Sciences Climate report: Researchers warn of tipping points
The climate crisis is already taking dramatic proportions. Researchers warn of the possibility of triggering self-reinforcing processes. But there is also reason for hope.
According to experts, current global warming threatens five major natural systems with irreversible disruptions. This is what appears from the “Global Turning Points Report”.
In climate research, tipping points occur when small changes trigger a domino effect, the consequences of which may not be reversible. The concept of tipping points and the uncertainties associated with them are sometimes discussed intensely in the scientific community.
The report was prepared by an international team of more than 200 researchers. It was coordinated by the British University of Exeter and the Bezos Land Fund.

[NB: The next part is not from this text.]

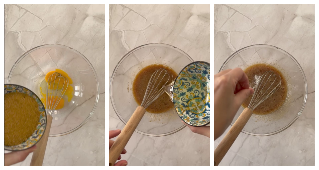 • Pour préparer les biscuits craquelés au chocolat, commencez par casser les œufs dans un bol, ajoutez le sucre roux, l’huile de tournesol, une pincée de sel et mélangez rapidement avec un fouet manuel.
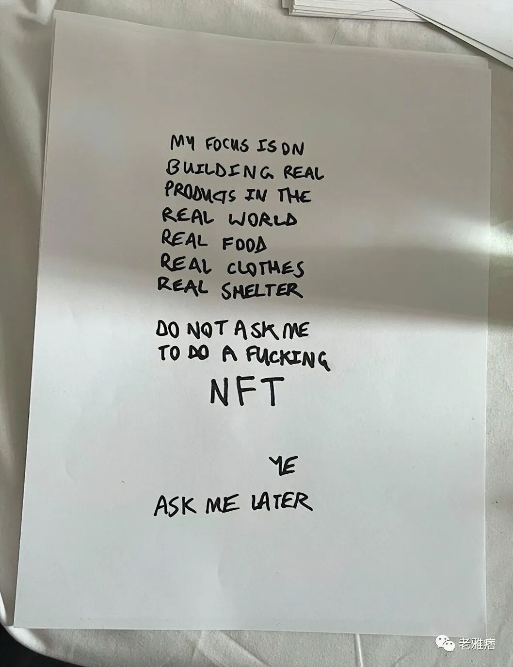 Kanye West,这位曾经在他的Instagram账户上贴出了一封手写的信,上面写着 "不要让我做一个该死的NFT "的名人说唱歌手,但他现在却似乎正准备做该死的NFT。在这封后来被删除的帖子中,Kanye West以令人难以置信的方式结束了这封信,他写道:"以后再问我吧。"

Researchers paint a bleak picture
“Five major transition systems are already at risk of exceeding their tipping points given current global warming,” said the Potsdam Institute for Climate Impact Research (PIK), which participated in the report. This includes the Greenland and West Antarctica ice sheets, the North Atlantic subpolar gyre, warm-water coral reefs and some areas of permafrost. “If global warming rises to 1.5°C, three more systems, including boreal forests, mangroves and seagrass meadows, could be at risk of capsizing in the 2030s,” PIK says.
The report’s authors warn that if multiple tipping points are crossed, there is also a risk of a catastrophic loss in the ability to grow staple crops. A statement from the University of Exeter said: “Without urgent action to stop the climate and environmental catastrophe, societies will collapse as nature spirals out of control.”
Positive turning points could ‘save millions of lives’
Since the previous response from governments around the world is not enough, the researchers offer six recommendations to avoid negative turning points and even initiate positive turning points.
The six recommendations include stopping fossil fuel emissions and land use well before mid-century. In addition, negative consequences for the most affected groups and countries in particular should be mitigated. Concerted efforts are also needed to stimulate positive turning points and raise awareness of turning points.
The expansion of the use of renewable energies and the shift to electric mobility are examples of positive turning points. “A series of positive turning points would save millions of lives, save billions of people from suffering, prevent trillions of dollars in damage, and mark the beginning of restoring the nature on which we all depend,” the university statement said.